DFT works in many cases, but in some cases it doesn't estimate the energy right, due to how it bypasses some correlation calculations. Bonds are extremely sensitive to energy calculations, so you need to get super close to the actual energy in order to get useful results.
Anyways, someone with more experience here could probably add more, but that's what I've picked up so far.
Right now the lab is having me get comfortable using software like Gaussian and ORCA by simulating a bifurcating reaction. This is a reaction that, depending on the catalyst's momentum, will change what site it bonds to (it makes either a 6-membered or 7-membered ring). I'm finding the intermediate states (where the molecule is most stable) and transition states (the tipping point), and then running trajectories to see which output is more likely.
Once I've finished simulating that, I should be comfortable enough with the process to jump on the bigger project, which is machine learning interatomic potential (MLIP) model distillation. There's a lot of exciting work around speeding up DFT methods by using machine learning (note this is not generative AI, it's merely predicting the molecule energy based on atomic positions). So my one year goal is to get on that project and start contributing.
My five year goal is to, well, graduate. But then I'll probably do a PhD in computational chemistry, since I'm really interested in ways to speed up and scale existing methods. My big dream is to simulate large biological systems while still having bond formation and breaking, to automatically elucidate biochemical pathways, but there's still a lot of steps in-between.
I assume you are familiar with:
https://matt.might.net/articles/phd-school-in-pictures/
I hope and pray that your research helps to make the world a better place and that the rest of us can use your knowledge to help to make the world a place which merits your research.
I haven't seen that website before, but it sounds pretty accurate from what I've heard. It's insane how high of a mountain needs to be climbed just to catch up to the state-of-the-art, and how much work is needed to push through to figure out something truly new.
Here's to making the world a better place!

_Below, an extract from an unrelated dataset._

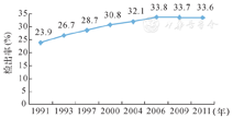 2017年美国AHA/ACC等11个专业协会联合发布的高血压诊治指南将血压在130~139/80~89 mmHg的范围定义为高血压1期。我国18岁及以上成人中,血压在130~139/80~89 mmHg范围的人群占23.2%,主要为18~54岁的中青年。在25~34岁人群中,血压在130~139/80~89 mmHg范围的人群达到26.7%。随着年龄增长,许多高血压前期人群发展成高血压,导致高血压患病率快速增加,45~54岁的人群中高血压患病率已达30%,是25~34岁人群的5倍。从1991至2015年3次全国性调查数据显示,中青年处于高血压前期的比例明显增加(图3)。这些人群是发生高血压最重要的高危人群。两项大型前瞻性研究均显示,高血压前期是高血压发病最重要的危险因素。一项对我国35~64岁基线无高血压人群15年间高血压发生风险的研究显示,收缩压在130~139 mmHg范围的人群,15年间73.2%发展为高血压,该项研究根据多个高血压发生风险因素建立的预测积分中,收缩压130~139 mmHg水平具有最高的危险积分因素,明显高于肥胖、家族史甚至年龄对高血压发生风险的影响,舒张压80~89 mmHg水平也对高血压发生风险有明显的影响,更重要的是,处于高血压前期的人群已经有明显升高的心血管病发病风险[7]。2018年一项长期队列研究结果显示,我国在15年间,血压(130~139)/(80~89)mmHg的人群,65%发展为高血压;在调整所有其他影响因素后,该血压范围的35~59岁中青年人群,20年间发生心血管急性事件的风险较血压<120/80 mmHg人群高78%,心血管病死亡风险高150%。在中青年人群中,26.5%的心血管病死亡和13.4%的心血管病事件可归因于此范围血压增高。这些研究提供的科学证据清楚地指明高血压前期是我国中青年人群高血压预防和心血管病预防极其重要的窗口期和目标[7]。必须指出的是,随着我国国民期望寿命继续增加和老龄化加剧,疾病谱已经开始发生令人不安的变化,老年痴呆在死因中的排名已由1990年的第24位上升为2013年的第7位。在目前全球居民期望寿命最长的日本,老年痴呆已在死因中排第2位。血压增高对小血管的损害是老年痴呆发生的重要危险因素,更早期的血压控制对于早期血管保护和已经来临且即将加速的老年痴呆负担的预防无疑也非常重要。

truly ab initio methods involve figuring out electronic properties from scratch like ionization energy or bandstructure. the real issue is that we dont have exact relations for the exchange and correlation terms. we can know the kinetic energy and charge screening, but we dont know how the electrons are interacting with each other. generally the xc term is treated as a function of electron density or its gradient (see: lda, gga, meta-gga) but there are so many different ways to approximate that. different models are good for different applications also, like transition metals vs organics. and then theres the issue of basis sets (most people use gaussian basis sets that have been tuned over many years but theres also plane waves and finite element methods) which can also change results. and even once u have a decent approximation of density you can try perturbative methods (GW family, delta scf i count also) to try and improve the approximation. i am rambling and typing this on my phone. essentially yes, but often calculations are a little inaccurate. but more accuracy has a higher computational cost, which makes it hard to run larger simulations. tradeoffs of engineering. hope this was coherent.

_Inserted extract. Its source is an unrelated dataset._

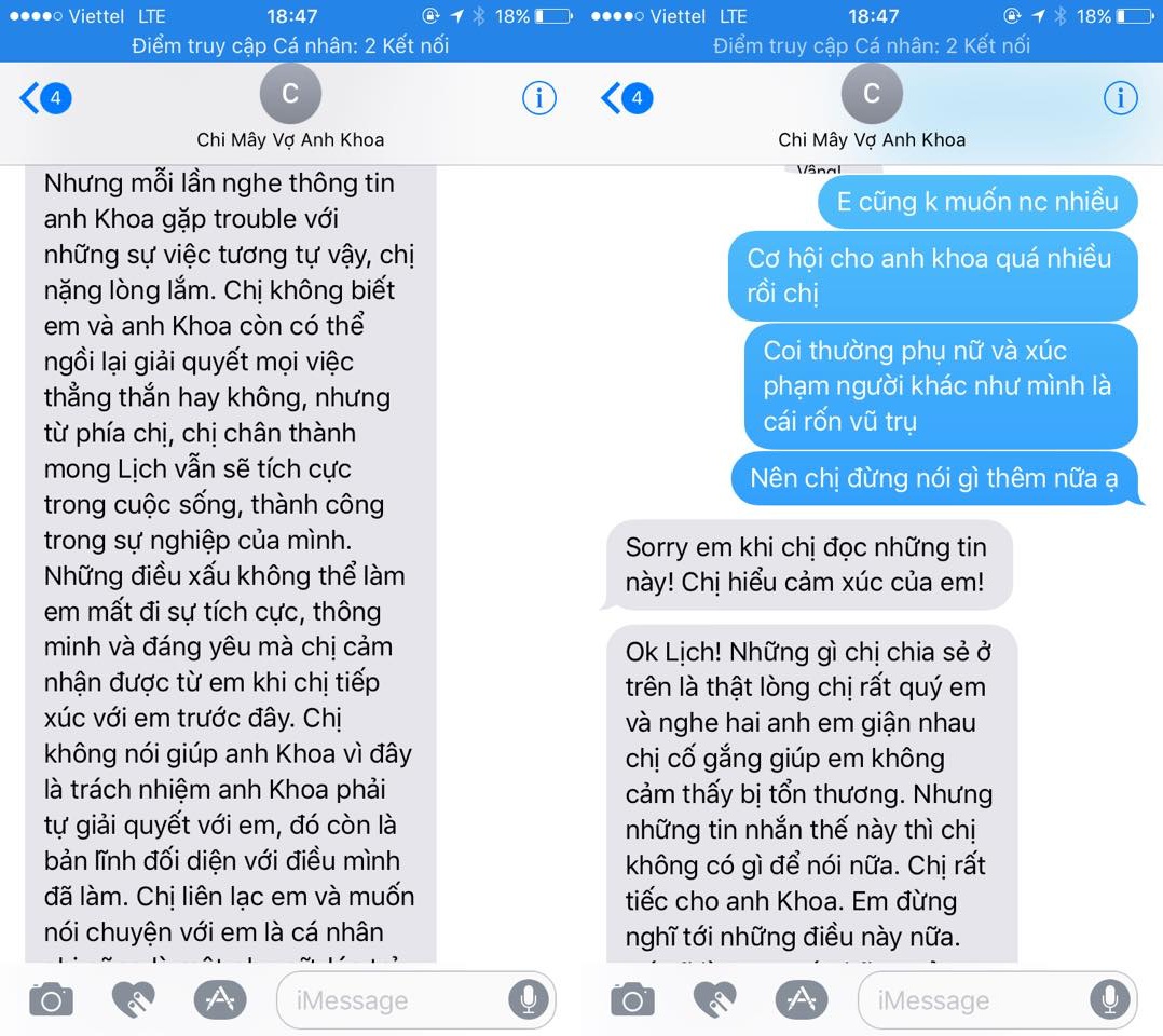 Dù vậy, càng về cuối cuộc trò chuyện, tần suất Thuỳ Trang cảm thông và xin lỗi Phạm Lịch thay chồng ngày càng dày đặc. Cô viết: “Chị không còn gì để nói nữa. Chị rất tiếc cho anh Khoa. Chị sẽ nói chuyện với Khoa về việc này. Chị nghĩ anh Khoa phải xin lỗi em vì điều này quá tệ. Nóng giận cỡ nào thì đàn ông không bao giờ nói với phụ nữ những lời lẽ như vậy. Chị cũng không chấp nhận được. Thực sự tức giận khi đọc những câu chữ kinh khủng như vậy”.

To a useful level of accuracy we can certainly simulate water. And we can do the same for a single proton for some definitions of useful (but not other definitions).
To simulate a water molecule you do so with a weakly coupled SU(1) gauge theory (light does not interact with itself at tree order) problem where the masses of all constituents are orders of magnitude above the relevant energy scales (you can think of it as the electrons and nuclei and particles coming in and out of existence are contained in a renormalization scheme).
We have "good simulation models" of both, but the former is extraordinarily complicated compared to the latter for the reasons stated above.